Il n’est même pas 11h du matin, et Jordan est déjà au rhum. "C’est le petit déj'", s’amuse le jeune homme, venu avec des amis au Salon de l’Agriculture qui se tient jusqu’au 2 mars à la Porte de Versailles, à Paris. "C’est une tradition entre potes : on arrive, on va direct au stand créole et après on se laisse vivre, on va manger, on va boire", complète son amie Yohanna. "Le but c’est pas non plus de finir à quatre pattes, de temps en temps on va peut-être boire un petit verre d’eau, pas sûr, mais on va essayer", assure-t-elle, amusée.
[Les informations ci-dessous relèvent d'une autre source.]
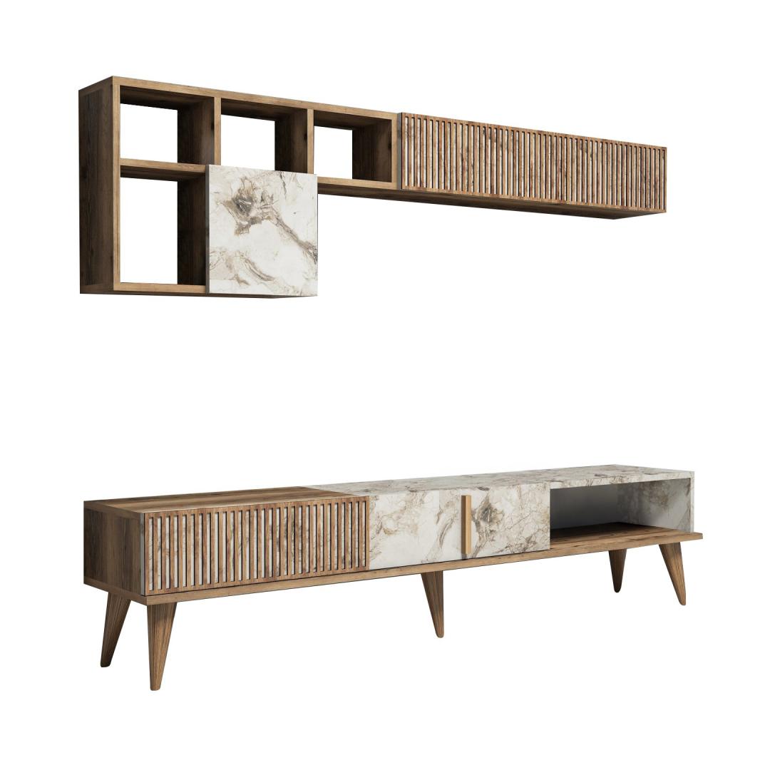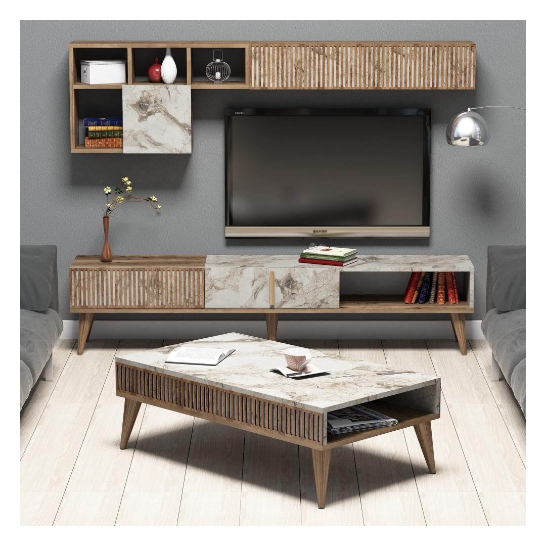 Living Room Furniture Set Milan - Walnut, White Marble

Chaque année, les visiteurs éméchés arpentent les allées du Salon, notamment au sein du pavillon des Outre-mer où ils peuvent déguster différents types de rhums. Matthieu Sylvestre est originaire de la Guadeloupe. Sur son stand, le gérant de Banm’Bokit propose des bokits, des accras, mais aussi du planteur et du punch. "On fait un briefing à nos équipes. Quand on voit que la personne a trop bu, on refuse de la servir, affirme-t-il. C’est une foire où il y a beaucoup de monde, ça nous arrive de refouler des personnes, mais en général ça se passe bien."
Brigade de "désoiffeurs"
Cette année, le rhum AOC Martinique présente au Salon un espace où les visiteurs peuvent en apprendre plus sur la collecte du jus de canne et un espace dégustation. Bruno Priouzeau, chargé de mission pour le rhum AOC Martinique, assure qu’aucune mesure particulière n’a été mise en place pour réfréner les buveurs les plus motivés. "Il n’y a pas de vrai processus, le tout c’est de respecter la réglementation, explique-t-il. On est régis par une licence IV, cette licence IV nous dit que nous n’avons pas le droit de servir les mineurs et nous n’avons pas le droit de servir des gens qui sont déjà alcoolisés lourdement."
On est là pour faire découvrir le rhum, on n’est pas là pour enivrer les gens et les saouler.
Bruno Priouzeau
Gilda Monerville travaille pour la région Guadeloupe. Ce n’est pas sa première fois au Salon et elle a pu voir les choses déraper un peu lors de précédentes éditions. "On voyait bien qu’il y avait des jeunes qui restaient traîner parce qu’il y a du rhum et on n’hésitait pas à remplir leurs verres d’eau", se souvient-elle. Depuis, "on a compris, donc on a modifié les stands, on a modifié les réserves pour s’assurer que quand c’est plus l’heure, c’est plus l’heure", assure-t-elle.
Pour l’édition 2025 du Salon, les organisateurs ont mis en place une brigade de l’eau chargée d’hydrater les visiteurs assoiffés. Bonbonne de 18 litres sur le dos, les "désoiffeurs", une quinzaine en tout, arpentent les allées de la foire pour proposer des verres d’eau. "Les gens demandent ‘Est-ce que vous avez de l’alcool ?’ On dit ‘Non, c’est de l’eau’. Ils sont très déçus. Les gens viennent un peu pour faire la fête, donc forcément…", explique l’un des désoiffeurs, Idriss, 20 ans. Même si tous les visiteurs ne sont pas intéressés, la demande est là. "Hier, on a fait plus de 10 recharges", commente son collègue Patrick. Soit près de 2.700 litres d’eau écoulés en une journée.